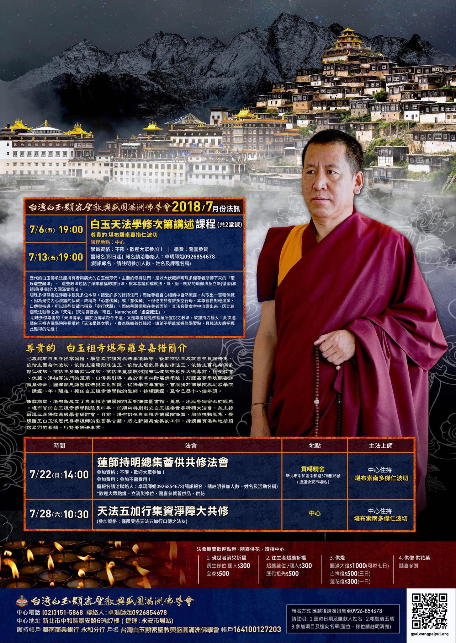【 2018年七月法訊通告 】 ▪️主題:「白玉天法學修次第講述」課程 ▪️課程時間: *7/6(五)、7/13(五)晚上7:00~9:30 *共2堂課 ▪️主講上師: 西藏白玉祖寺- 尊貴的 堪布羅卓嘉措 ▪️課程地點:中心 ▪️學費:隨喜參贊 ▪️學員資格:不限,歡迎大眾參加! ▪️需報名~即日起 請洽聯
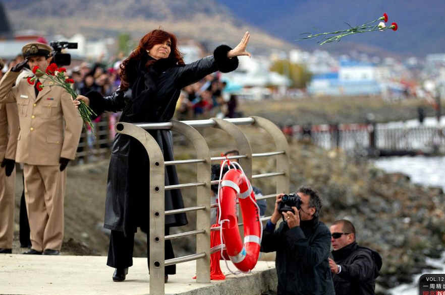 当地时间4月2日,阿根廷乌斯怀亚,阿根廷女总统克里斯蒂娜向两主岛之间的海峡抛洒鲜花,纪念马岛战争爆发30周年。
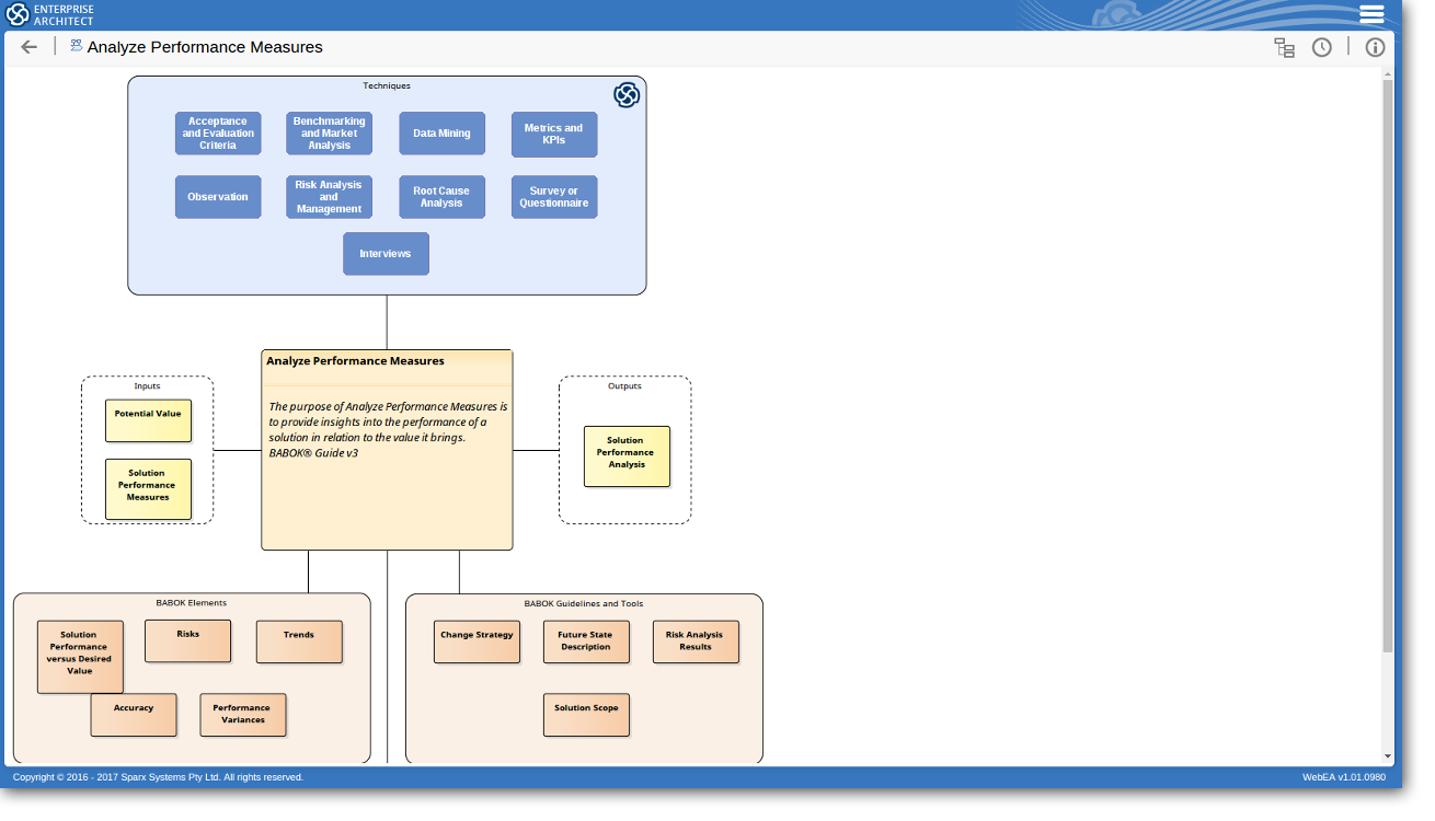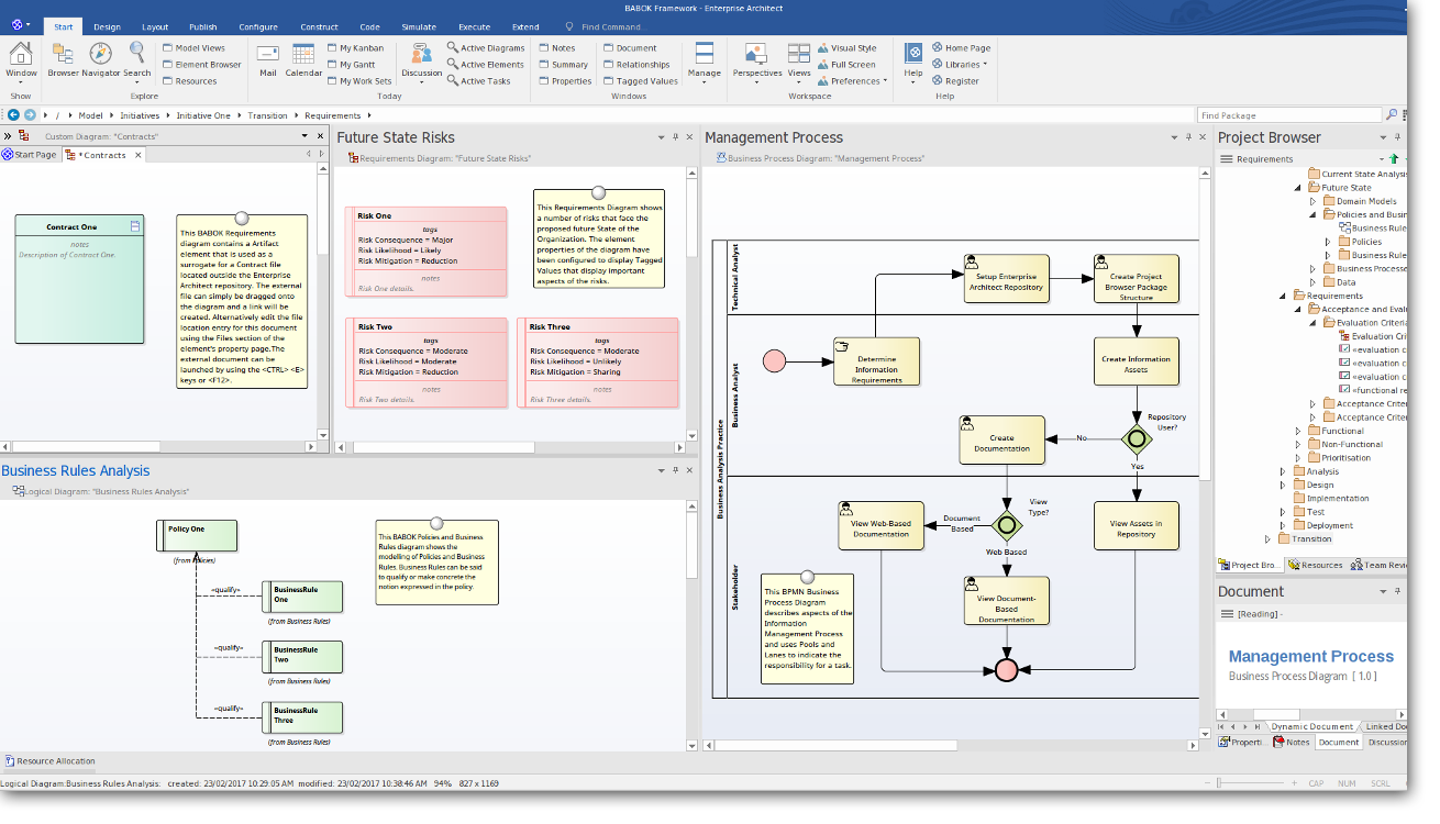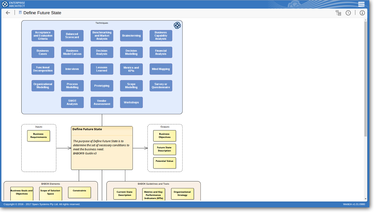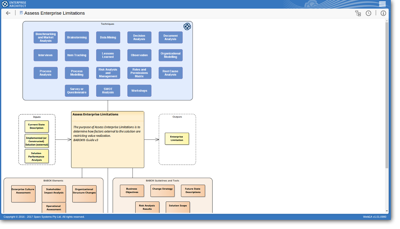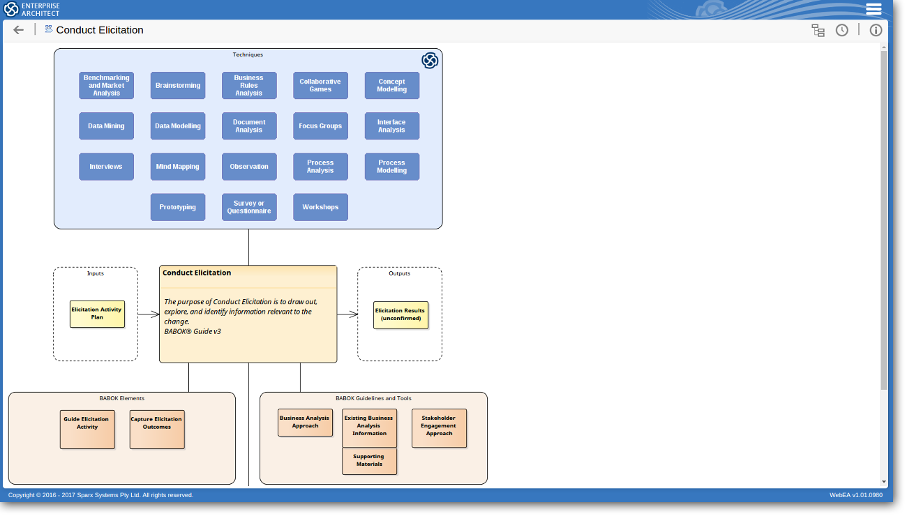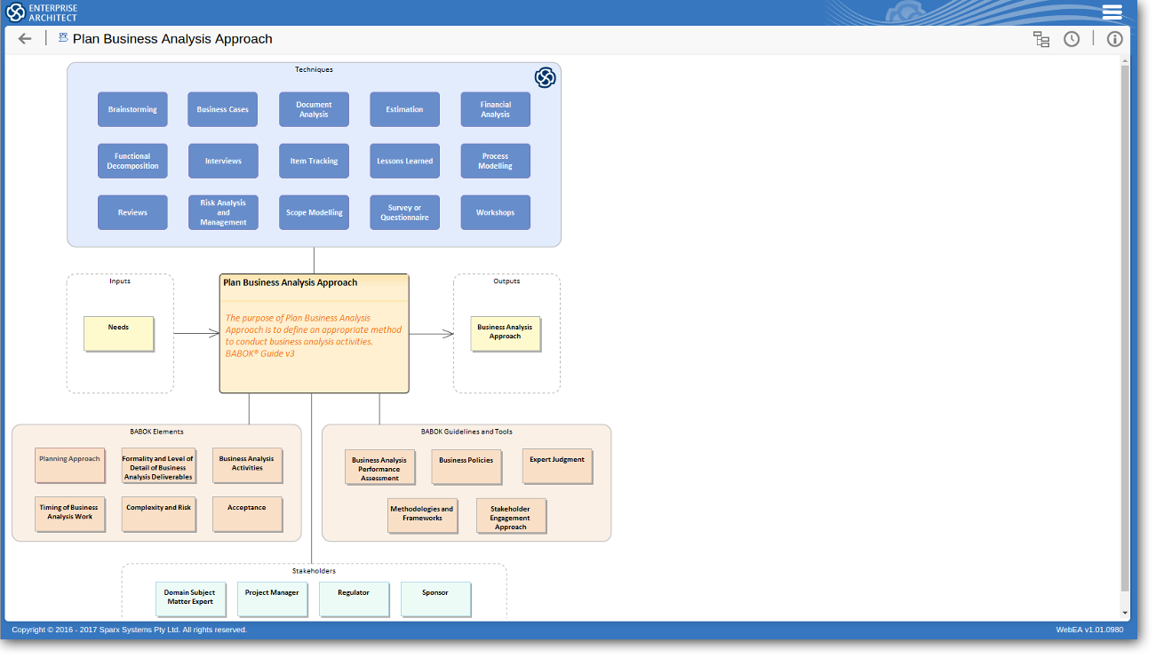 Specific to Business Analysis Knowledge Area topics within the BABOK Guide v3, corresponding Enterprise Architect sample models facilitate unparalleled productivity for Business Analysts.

• [Work task]: Return each line of the material exactly as written; exclude the pictures.

• [Expected answer]:
【 2018年七月法訊通告 】 ▪️主題:「白玉天法學修次第講述」課程 ▪️課程時間: *7/6(五)、7/13(五)晚上7:00~9:30 *共2堂課 ▪️主講上師: 西藏白玉祖寺- 尊貴的 堪布羅卓嘉措 ▪️課程地點:中心 ▪️學費:隨喜參贊 ▪️學員資格:不限,歡迎大眾參加! ▪️需報名~即日起 請洽聯
 当地时间4月2日,阿根廷乌斯怀亚,阿根廷女总统克里斯蒂娜向两主岛之间的海峡抛洒鲜花,纪念马岛战争爆发30周年。
 Specific to Business Analysis Knowledge Area topics within the BABOK Guide v3, corresponding Enterprise Architect sample models facilitate unparalleled productivity for Business Analysts.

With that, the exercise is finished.